Thursday, May 17, 2012

What I Do: Volunteer Luncheon

Today was the lunch for volunteers at the lower elementary. It was really very nice. It was a lovely little buffet, and the teachers were also allowed to come in and get free lunch (which I think is awesome), and then you sat down and ate, and maybe talked to people. Mostly, I talked to one of the teachers I volunteer for, and with Andy's teacher, but I also got to meet a couple of other volunteers doing awesome things, like the gentleman who volunteers in his daughter's classroom because his workshift doesn't let him see her when she's home, and the very nice lady who does stuff in the library. Seriously, volunteers at schools? They totally rock. I kind of forget what I do is considered on par with the wonderful helping these other folks do.

So came the question, when one is at a volunteer luncheon and knows, um, nobody: "So... who do you volunteer for? What do you do?"

Apparently, most volunteers come in and do one of three things:

They run activities, like the book fair or a special assignment, like when the kids have a project in class that requires extra hands;

They come in regularly and help out in the classroom, mostly prepping material for their kid's teacher;

They come in regularly and help out with engaging the kids while their kid's teacher runs small groups or 1:1.
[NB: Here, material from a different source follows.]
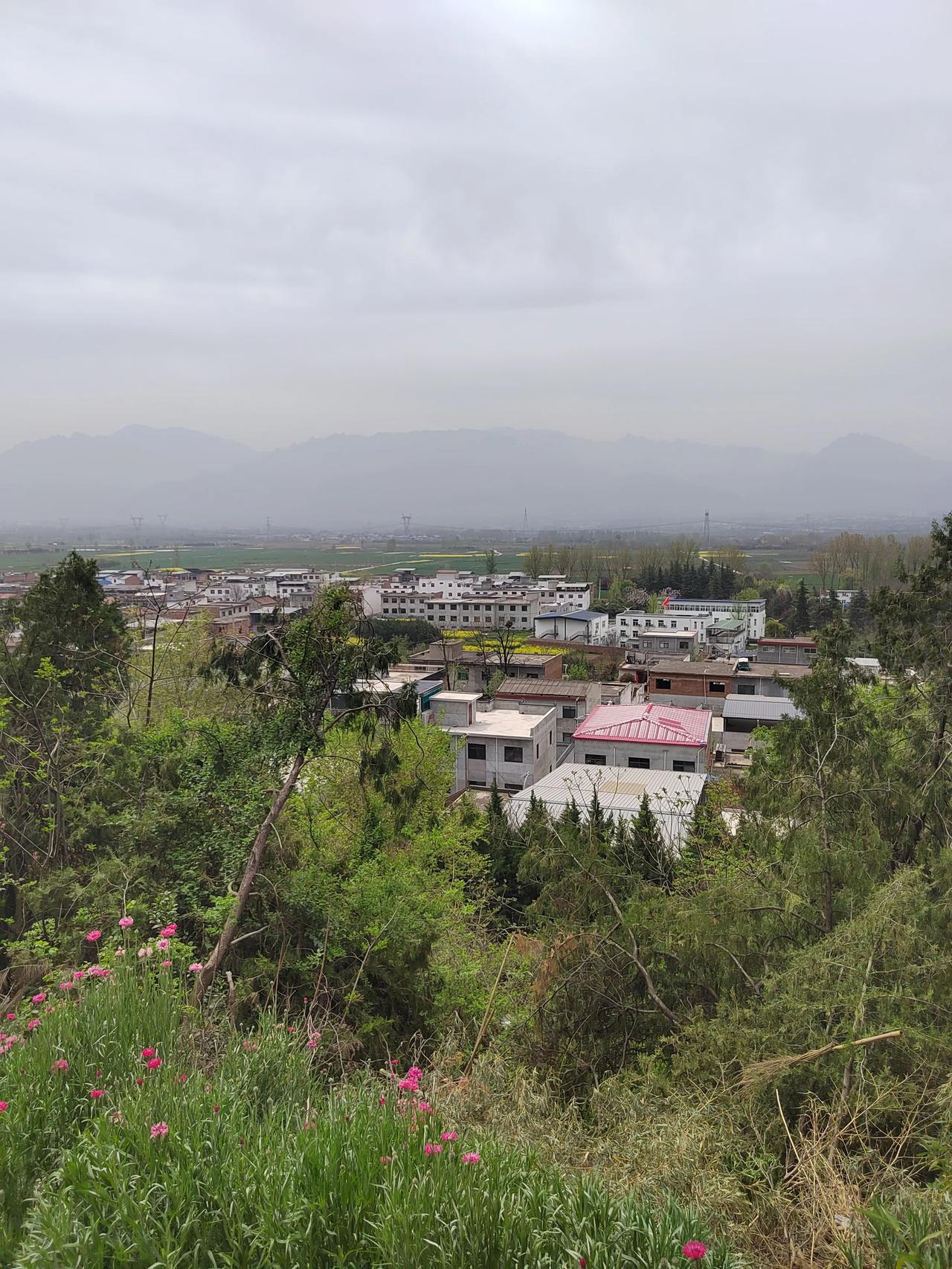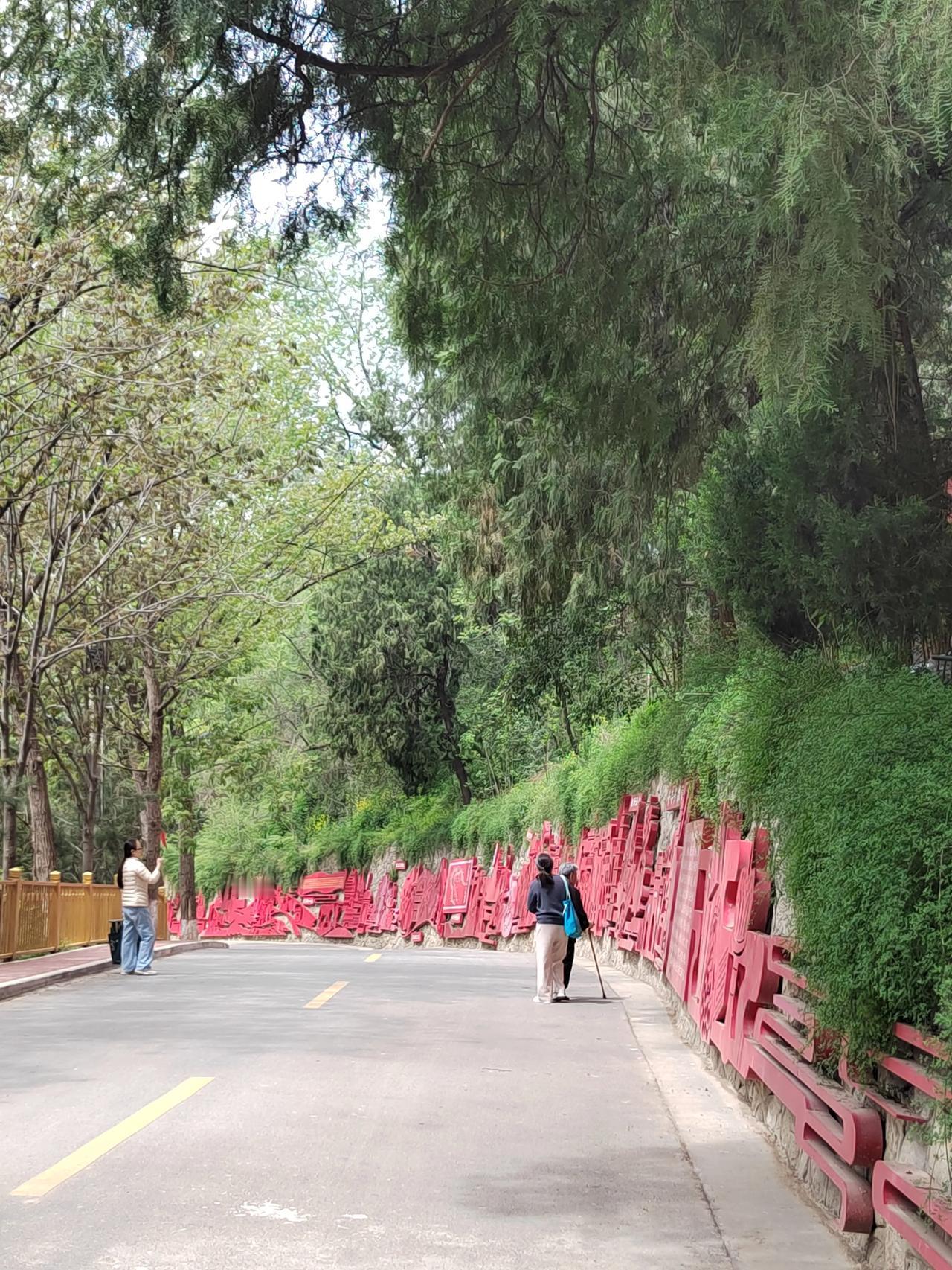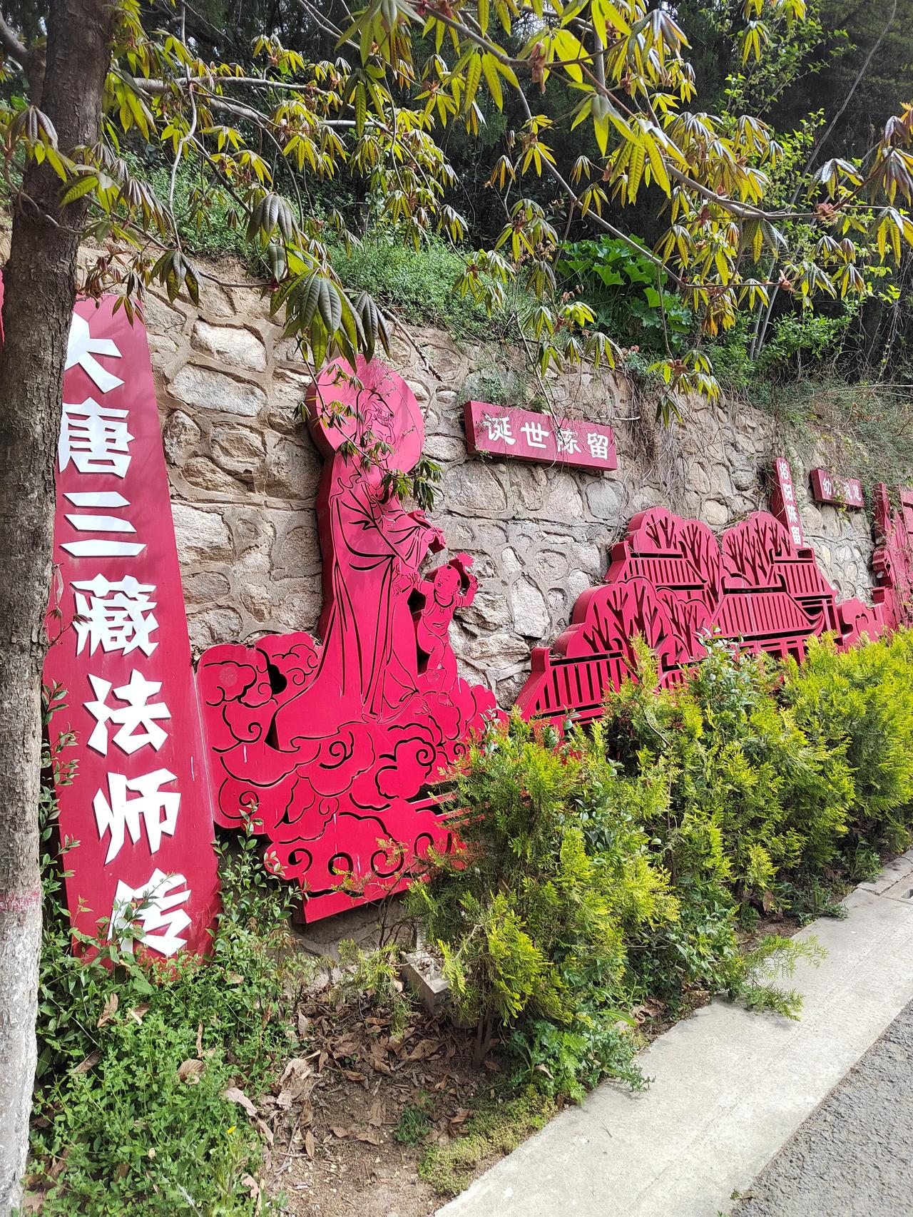 乘公交车去兴教寺,下车后要经过一个村口,再走长长的一段上坡路方能到达。路左侧以红色剪纸的形式介绍了玄奘法师波澜壮阔的一生。右侧是一望无际的直达秦岭脚下的关中平原。我走这段路有些吃力,走走歇歇,要休息几次。

And then I come out with, "I teach sign language in three of the special ed kindergarden classrooms" followed up with, "My kid is not a kindergardener; he's in second grade." And next year, I totally plan on continuing the program. In fact, if I can get myself and my money together, I'm going to try for certification through Signing Time to be an instructor. Then I want to expand the program to include more classrooms. Signing is great for getting around the processing speech problems among the kids in the SpEd rooms, so I don't see why it wouldn't make for great visual prompts and supports in other classrooms, too. They teach the kids Spanish, why not ASL?

Yeah, that's what I do. At least it apparently made for nice lunchtime conversation; and most folks I met wanted to learn a sign, which I thought was awesome. Every little bit helps, right?